Running a Checkpoint
====================

To run a model checkpoint, you need an initial conditions file containing all model inputs, and a forcing dataset containing all input-only variables.
The files may include more variables, as in the example datasets below, but only the required variables will be used.
The code will run an ensemble of predictions starting from each time specified in the initial conditions file.
The forcing dataset must contain data for the times specified in the initial conditions file, as well as all timesteps required for the prediction period.

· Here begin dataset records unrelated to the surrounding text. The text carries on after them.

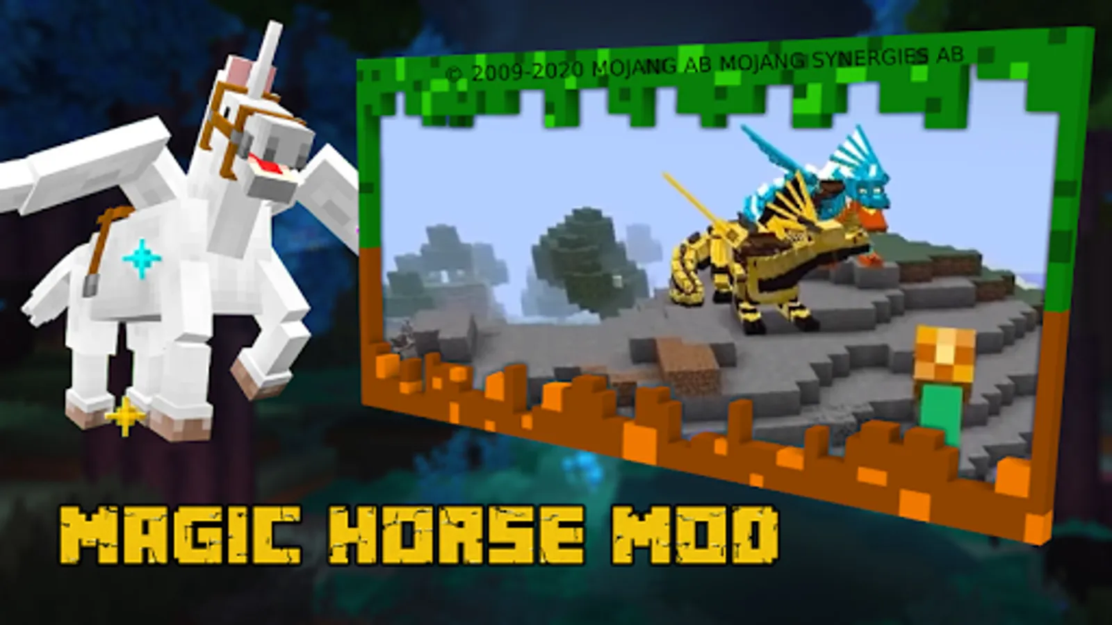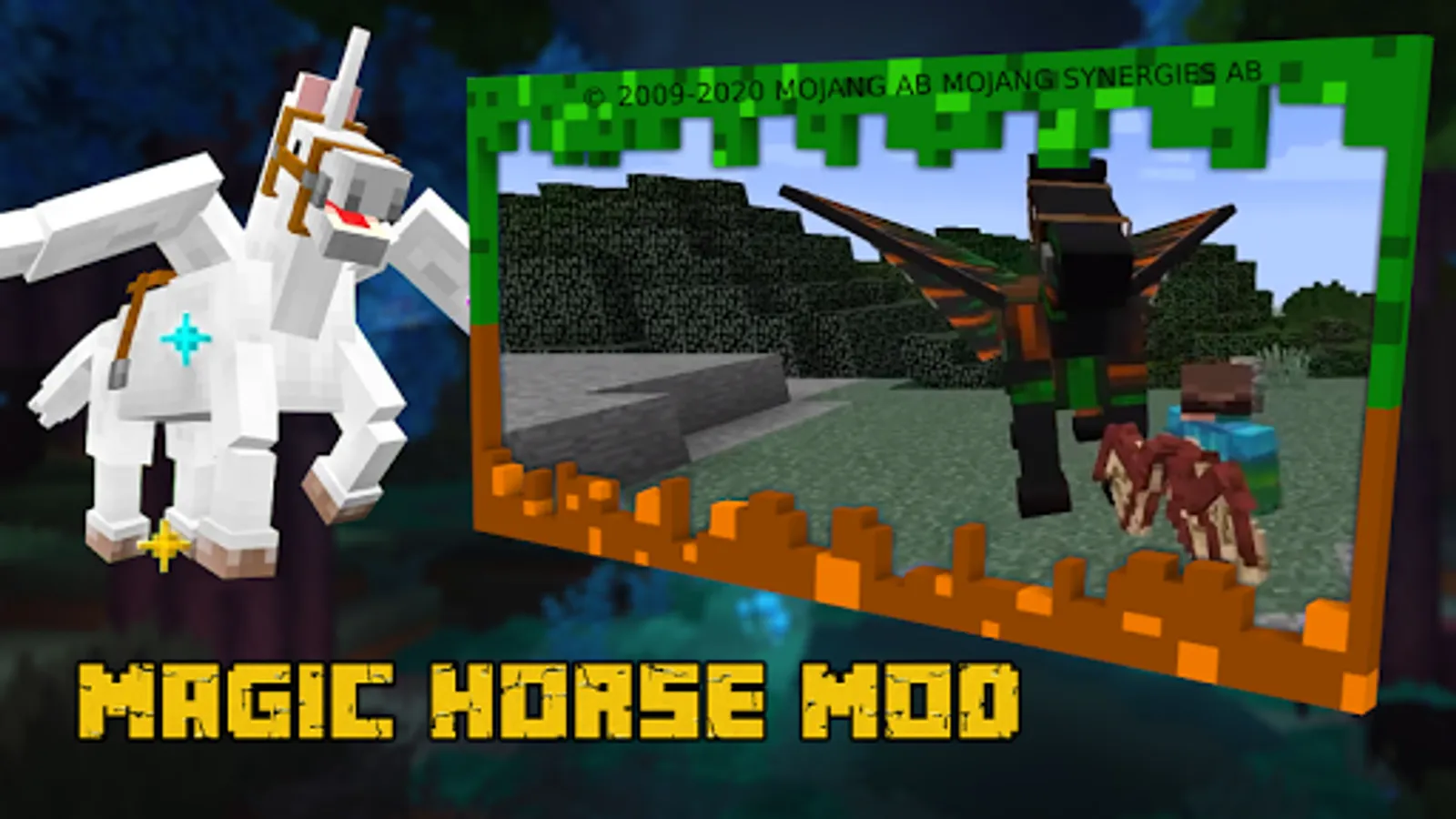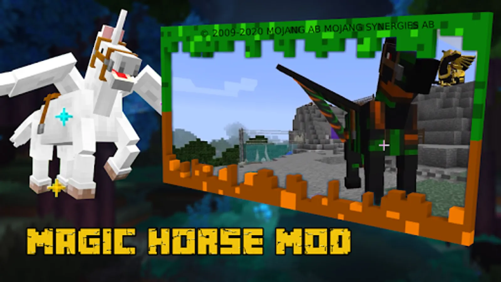Magic horse mod will add a little fairy tale to your game. Four unusual horses: Unicorn, Pegasus, Nightmare and Destroyer. Unicorns are strong animals, they can be crafted in a creative mode, and also found in a survival mode in the plains, forest biomes and other biomes, but a little less often. Than strong Unicorns are their horn and aura with an unusual effect. You can tame it, put on a helmet and use all the forces of the animal, as well as transport soft things on it, but this will become available only when you become his friend. Pegasuses are flight masters, you can find them simply by crafting in fan mode, on beach and hilly biomes, less often - relaxing in the plains and in the forest. If you ride a Pegasus, you can fly up like an iron man with the same speed. Be careful not to fall off Pegasus. The nightmare is the most dangerous, because where the nightmare sets in, fire is ignited, even in the air. A horse walks in hilly biomes on the beach, less often in the plains and in the forest. In terms of speed, even a flash does not catch up with a nightmare, and firepower not only when touched, it can also shoot balls of fire. It is smaller in size than its brothers, but much more maneuverable. The Destroyer is just a horse thug who will destroy everything in its path, they are larger and more powerful. Habitat - cold biomes such as ice plains and taiga. They destroy plants, tear leaves, trample snow, and can also destroy trees and knock anyone in their path. After familiarizing yourself with animals, remember that they can breed and inherit positive and negative traits from their parents, become bigger, meaner, kinder, more dangerous, so think first. You can also find magic wands, helmets for horses, wings, horseshoes and much more. All these items can be equipped and you will have additional capabilities. And to top it off, you can create a unique friend who will possess the parameters and qualities that you want to give him.
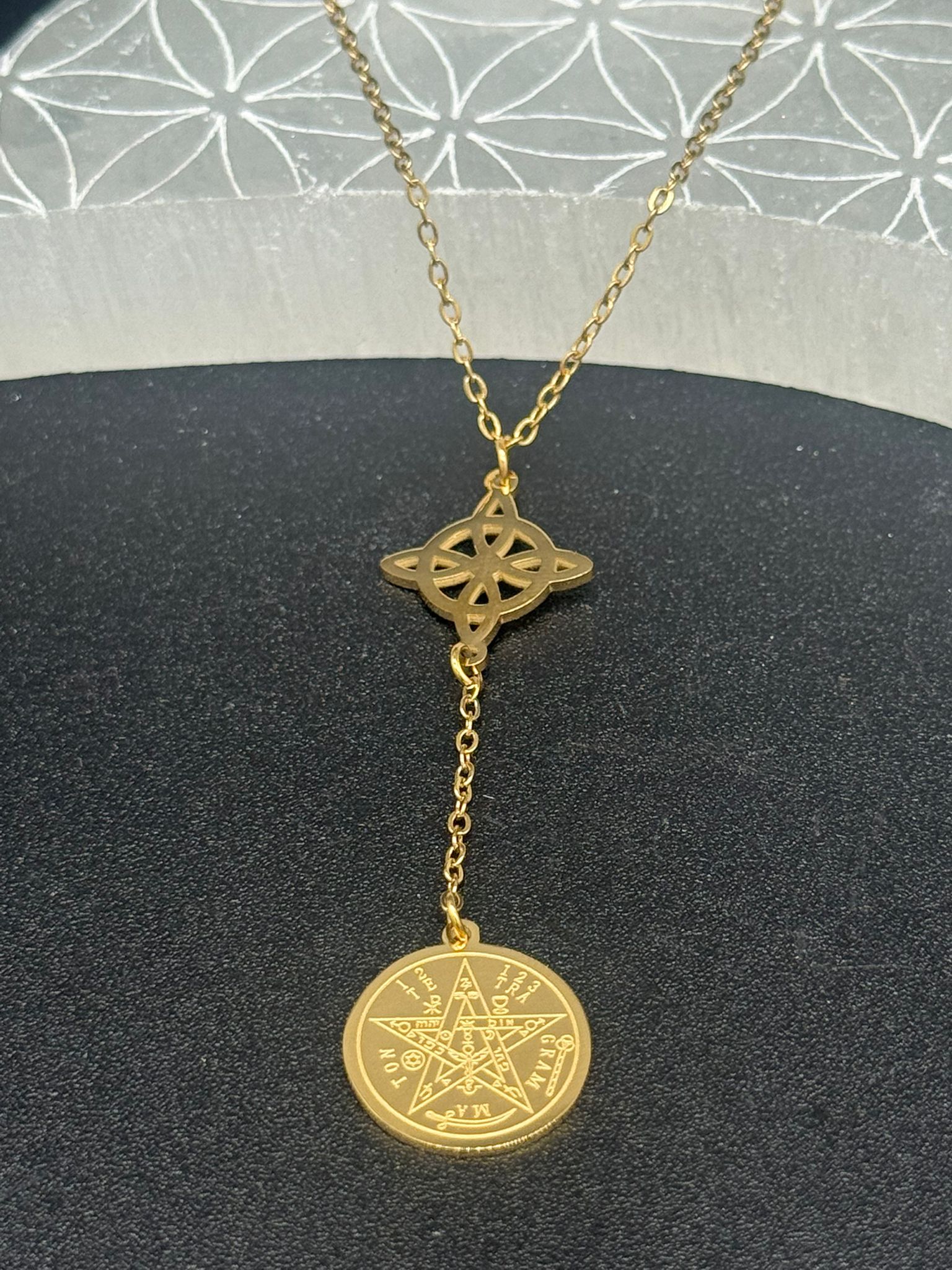 Este impresionante colgante está elaborado en acero inoxidable de alta calidad con acabado dorado, resistente al paso del tiempo, al desgaste y a las energías externas. Su diseño único fusiona dos de los símbolos de protección más poderosos del mundo esotérico: el Nudo de Bruja (Witch’s Knot) y el Tetragramatón, creando un escudo espiritual de doble fuerza.
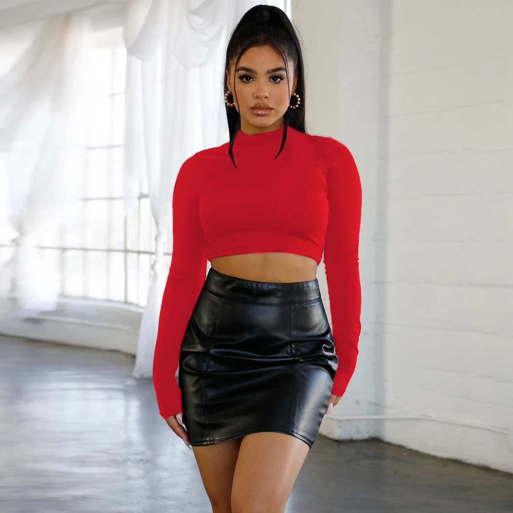 秋冬新款暗黑系欧美风性感露脐短款高领长袖打底上衣高领紧身T恤
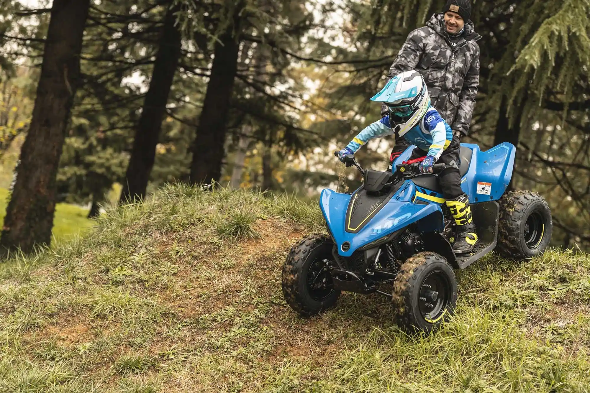 C’est le compromis idéal entre plaisir et découverte de pilotage d’un quad grâce à sa prise en main facile en toute sécurité. Pour tous les enfants à partir de 10 ans.
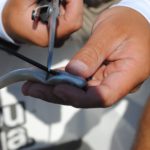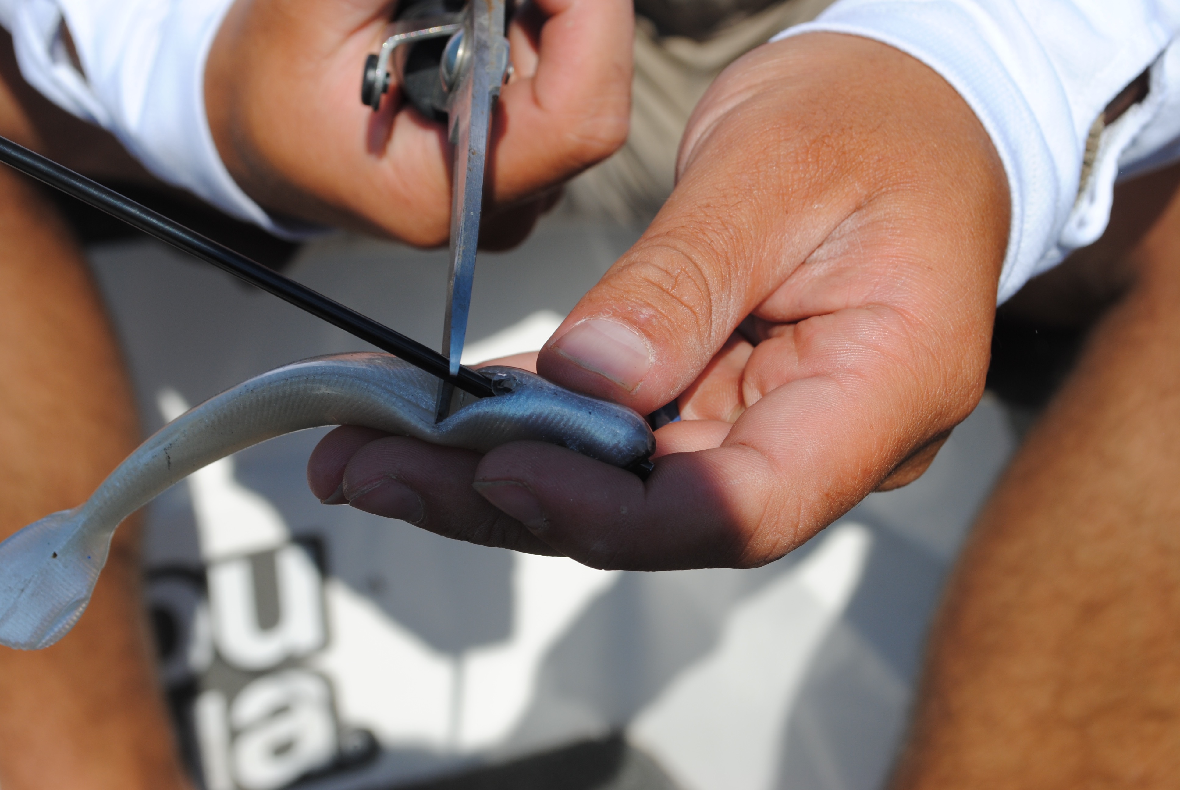 Fulk takes a hollow, plastic coffee stirrer and pushes it up through the bait’s belly and out its nose, then clips off the exposed ends. Next, he runs the line through the straw from nose to belly and threads a standard bullet-shaped worm weight on — backwards.
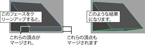 一部のポリゴン編集操作を使用してポリゴン メッシュを修正すると、不適切なアトリビュートを持つポリゴン フェースが生成されることがあります。たとえば、4 辺のフェース、5 辺以上のフェース、凹型フェース、穴のあるフェース、非平面フェースなどです。これらのオプションを使用すると、不適切なフェースをテッセレーション(三角化)することにより、こうした問題をクリーンアップすることができます。
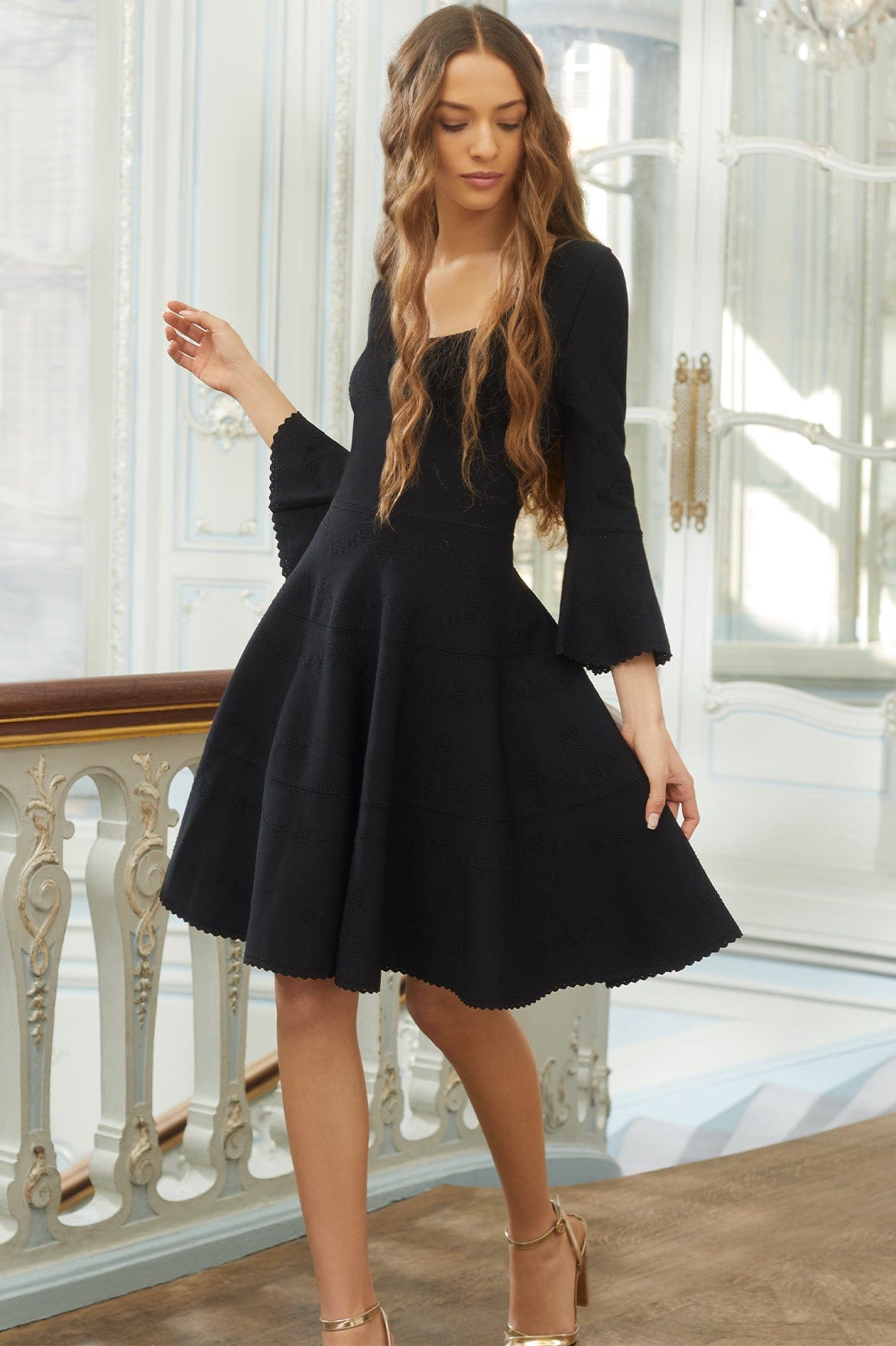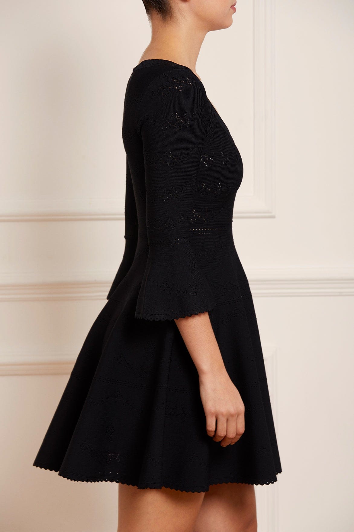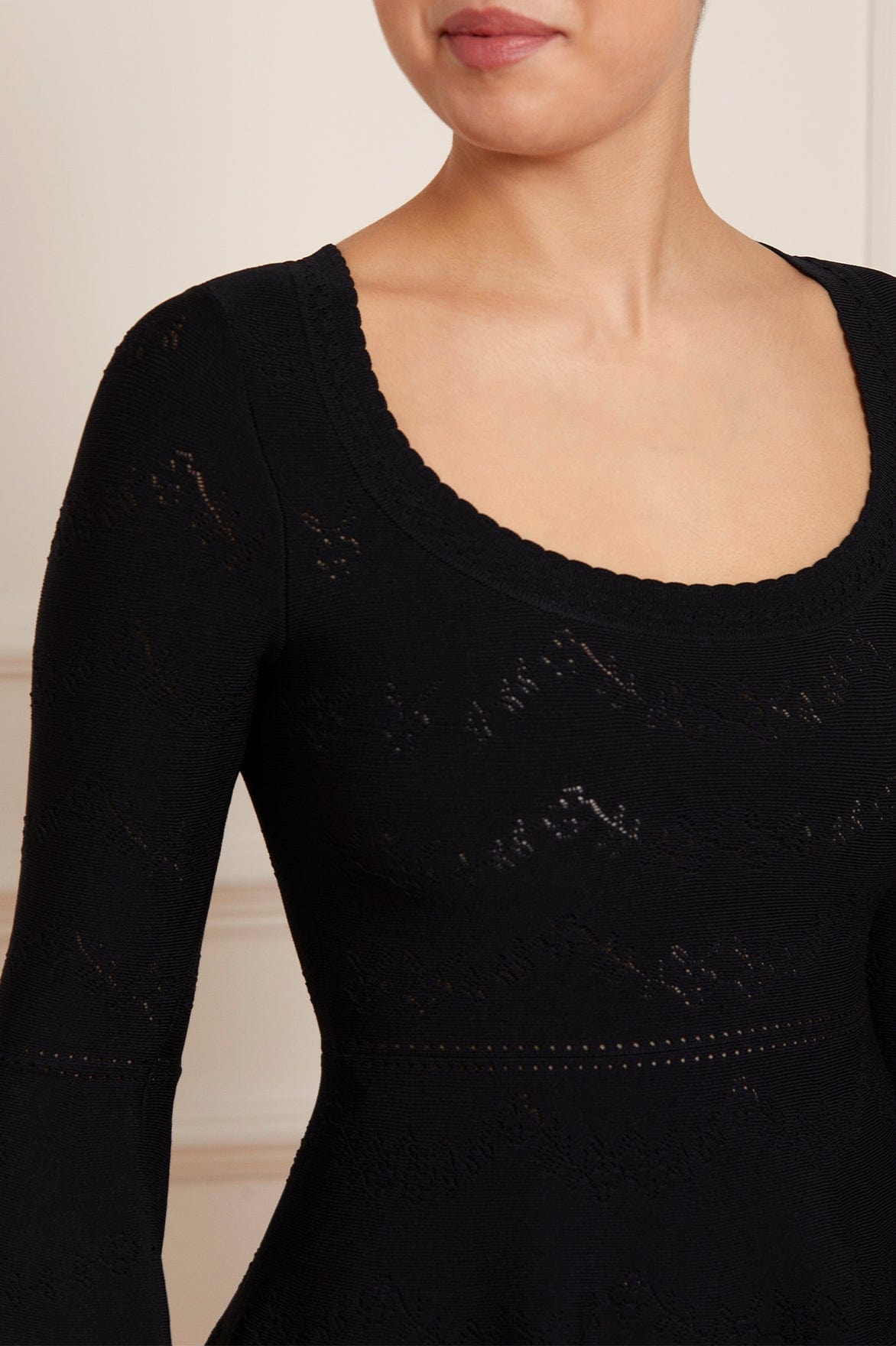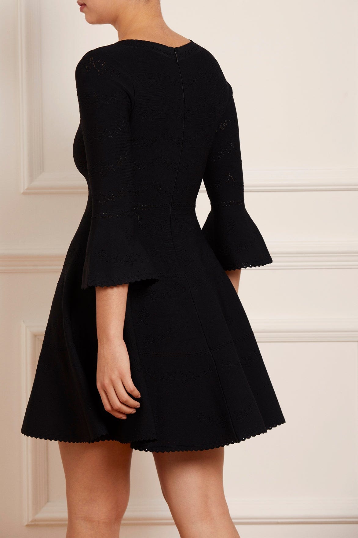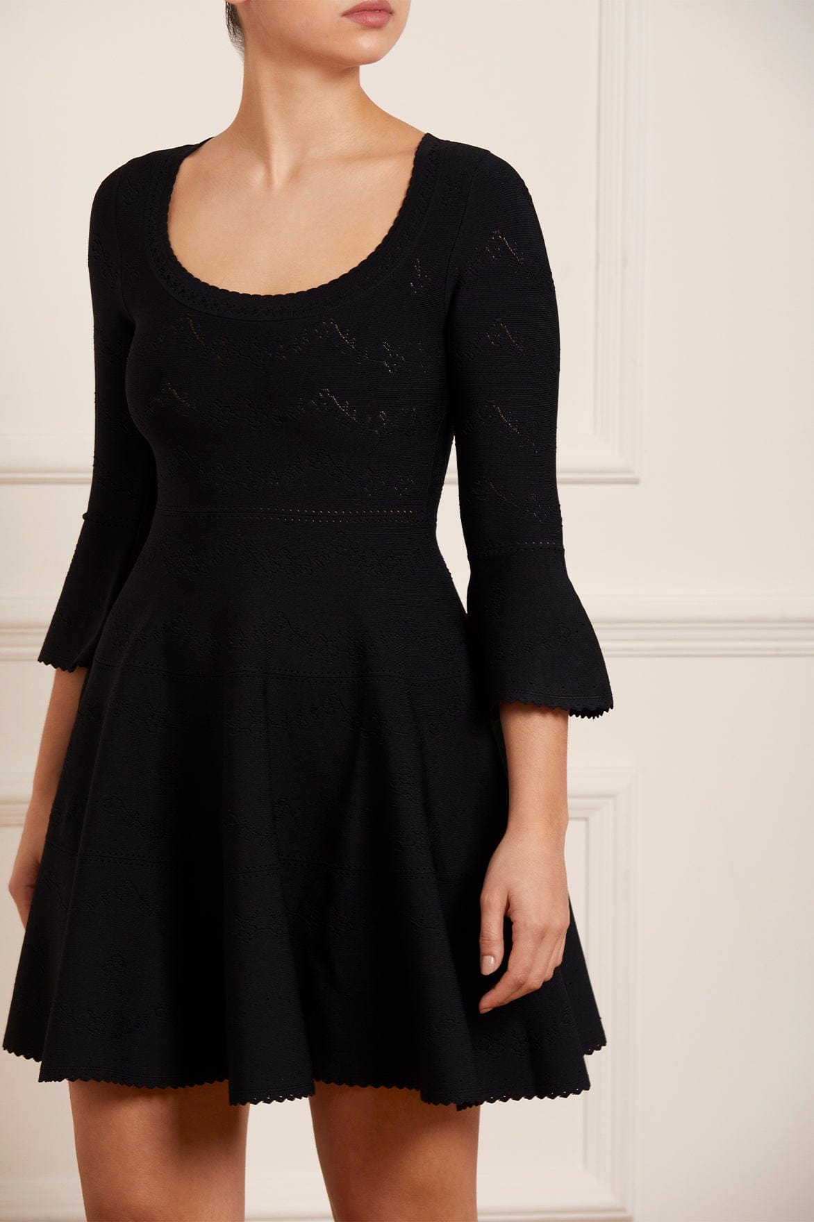 The Pretty Pointelle Knit Scoop Neck Mini Dress in Black. A brand new style for Needle & Thread. This knitted dress is inspired by vintage ditsy florals and lace. Beautifully designed with all-over pretty pointelle stitch, delicate florals and scallop details. This dress has a fitted stretch bodice with a soft, feminine neckline, fluted cuffs and signature Needle & Thread detailing. A truly flattering piece.
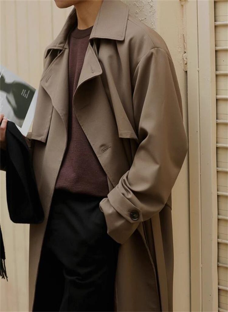 ダブルボタン メンズ ダスターコート ゆったりする コート ロングセクション
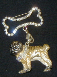 Description: Several different dog breed pendants are in the case now. They dangle from a fun rhinestone bone-shaped pin. Case #4 on the front aisle.

An initial condition file is available via a public `requester pays`_ Google Cloud Storage bucket.

.. code-block:: bash

    gsutil -u YOUR_GCP_PROJECT cp gs://ai2cm-public-requester-pays/2023-11-29-ai2-climate-emulator-v1/data/repeating-climSST-1deg-netCDFs/initial_condition/ic_0011_2021010100.nc initial_condition.nc

The checkpoint and a 1-year subsample of the validation data are available at this `Zenodo repository`_.
This validation data can be used as forcing data for the checkpoint.

Alternatively, if interested in the complete dataset, this is available via a public `requester pays`_ Google Cloud Storage bucket.
For example, the 10-year validation data (approx. 190GB) can be downloaded with:

.. code-block:: bash

    gsutil -m -u YOUR_GCP_PROJECT cp -r gs://ai2cm-public-requester-pays/2023-11-29-ai2-climate-emulator-v1/data/repeating-climSST-1deg-netCDFs/validation .

It is possible to download a portion of the dataset only, but it is necessary to have enough data to span the desired prediction period. The checkpoint is also available on GCS at `gs://ai2cm-public-requester-pays/2023-11-29-ai2-climate-emulator-v1/checkpoints/ace_ckpt.tar`.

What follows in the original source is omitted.